Sydney,-,Australia,:,30,June,2013,-,Surfer,Ready

G’bye and g’day

There’s a very old canard about a traveller, on arriving at the Australian border control, being asked if he had a criminal record. To which the man answers, “I didn’t know that was still mandatory…”. It’s not a joke that goes down terribly well these days. 

The genesis of the quip is over two hundred years old. On 21st January 1788, a fleet of British ships landed at Botany Bay – and the colonisation of the island continent began.

Key to creating the population of non-native people were the boatloads of criminals transported from Britain to the new land. The discovery of a vast, distant and apparently uninhabited country was highly convenient for the British at the time. As industrialisation went into decline, thousands of workers were left destitute. The gaols and floating prison hulks were overflowing with the dispossessed and desperate. Relatively low-level crimes such as theft, assault, robbery or fraud carried a sentence of penal transportation for seven or fourteen years, or life. 

The last boatload full of unwilling transportees landed in 1868 – which left something of a shortfall of labour. The post war Ten Pound Pom scheme subsidised British citizens to move to Australia for a nominal tenner. By the time the scheme ended in the 1980s, over a million people from the UK and Ireland had taken their chances. 

How the tables have turned. A recent ad, which appeared in the British Medical Journal was featured in the Daily Mail with a mixture of disgust and fear. The ad cheekily asks, “Got that Dr Adam Kay feeling? Come and work in Australia…” It then lists the not exactly onerous conditions, and the highly tempting  £130,000 a year with 20 days off a month.

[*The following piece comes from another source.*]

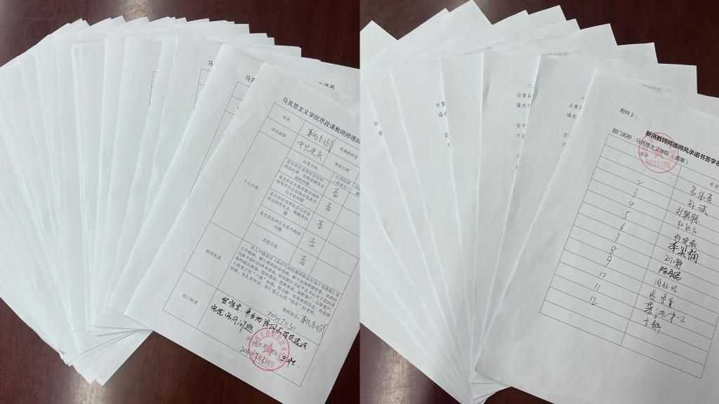 ——开展关键群体专项自查整治行动。围绕师德师风专项整治重点,制作“马克思主义学院思政课教师师德师风自查及承诺书”,组织全体新老师教师聚焦“是否存在违背信念信仰、政治纪律、思想道德等方面的问题;是否存在在教育教学或网络等其它公众场合发表不当言论问题;是否存在违背社会公序良俗及收受礼金、贿赂等问题;是否存在师生关系不纯洁问题”等方面,深入开展自查互查、部门核查并签名。组织2022年新进教师签署《师德师风承诺书》,督促教师树牢底线意识,加强道德修养与道德实践,自觉遵规守纪,做学生修炼品格的领路人。经摸底排查,未发现违反师德师风情况。

It doesn’t bode well does it? Fourteen hour shifts in a crumbling building, endless bureaucracy and an increasingly ungrateful population must sometimes feel akin to perilous sea voyage manacled in the hold of a leaky brig. Why have this when you can be sure of a warm g’day, sun, sand, sea and a fistful of dollars? One may be forgiven for wondering if the Australian government is negotiating the lease of fleets of planes and ships to cope with the stampede of British junior medics taking up the offer. 

It’s a worrying scenario. We may take some pride in knowing the esteem in which British medical training is held. Clearly, our creaky system is still something of a gold standard. But that offers scant comfort. Secondly, it highlights something that King’s Fund’s Professor Mark Britnell warned us about years ago – namely the impending worldwide shortage of clinicians, and an unseemly scrabble to steal them from each other. 

We shall just have to draw some comfort in the products coming our way from Australia. Quite the best thing on telly is Colin From Accounts which is set in Sydney. It might even provide some diversion for people waiting for an operation while our home grown docs do a bit of surfing.